A more complex COALESCE would be the following:


SELECT track,
  COALESCE (subcategory,'No Subcategory') AS subcategory,
  COALESCE (category,'No Category') AS category,
  COALESCE (family,'No Family') AS family
FROM artist

This would enable us to go and find out what rows are incomplete here so we could go back and validate the data for the TRACK information for each ARTIST.

try it

Your turn! Open the SQL tool by clicking on the LAUNCH DATABASE button below. Then, enter in one of the examples above and see how it works. Next, try your own choices for which columns you want the query to provide.

launch database

term to know

COALESCE

This function in PostgreSQL returns the first non-null value from a list of expressions. It evaluates multiple arguments in order, returning the first non-null value encountered.

summary

In this lesson, you learned the value of the SUM function in analyzing data, and you learned how to use it to calculate the SUM (total) of a numeric column's values. You learned that applying the DISTINCT() function to a column eliminates duplicate values in the result set of a SELECT query. This function can be combined with a SUM() function to total values only where the record has a unique value in the specified column. This enables you to gain insights into unique elements within a dataset and ensure that the result sets contain only distinct values based on specified columns.

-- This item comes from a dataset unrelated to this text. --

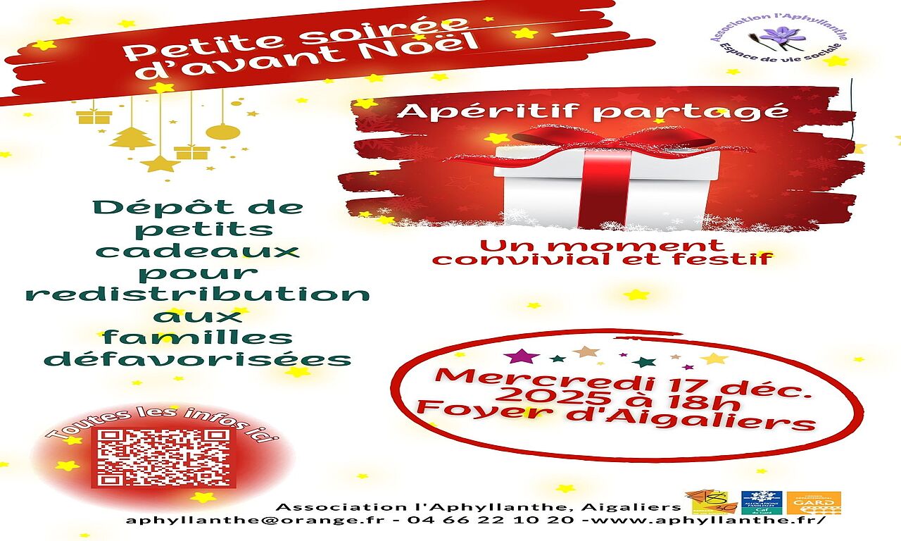 À l’initiative de l’atelier de conversation anglaise, l’Aphyllanthe invite toutes les bonnes volontés à un apéritif partagé et convivial. Et vous pouvez aider le Père Noël en déposant des petits cadeaux en faveur des familles défavorisées.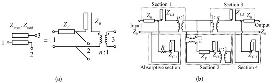 Based on the analysis above, an equivalent impedance transformer model of the ABPF circuit in Figure 2 is derived, as shown in Figure 4b. Firstly, two transmission lines with a characteristic impedance of Z0 are inserted at the input and output ports to match the source and load without altering the frequency response of the filter. Secondly, the positions of the quarter-wavelength transmission line and open circuit stub in Section 2 are exchanged using Kuroda’s identity without changing the input impedance of the overall parallel section [29]. Then, the impedances of the quarter-wavelength transmission line and the open circuit stub are transformed into

You also learned about special cases like the COALESCE function in PostgreSQL, which returns the first non-null value from a list of expressions. It evaluates multiple arguments in order, returning the first non-null value encountered. COALESCE is particularly useful when working with nullable columns or when you want to provide a default value if a specific value is null. By using COALESCE, you can simplify data handling and ensure that your queries return valid values even if some values are null.

Source: THIS TUTORIAL WAS AUTHORED BY DR. VINCENT TRAN, PHD (2020) AND Faithe Wempen (2024) FOR SOPHIA LEARNING. PLEASE SEE OUR TERMS OF USE.

Terms to Know

COALESCE: This function in PostgreSQL returns the first non-null value from a list of expressions. It evaluates multiple arguments in order, returning the first non-null value encountered.
DISTINCT: A keyword in PostgreSQL that enables you to limit query results to unique values from a specified column in a result set. It can be used on its own or with an aggregate function such as SUM.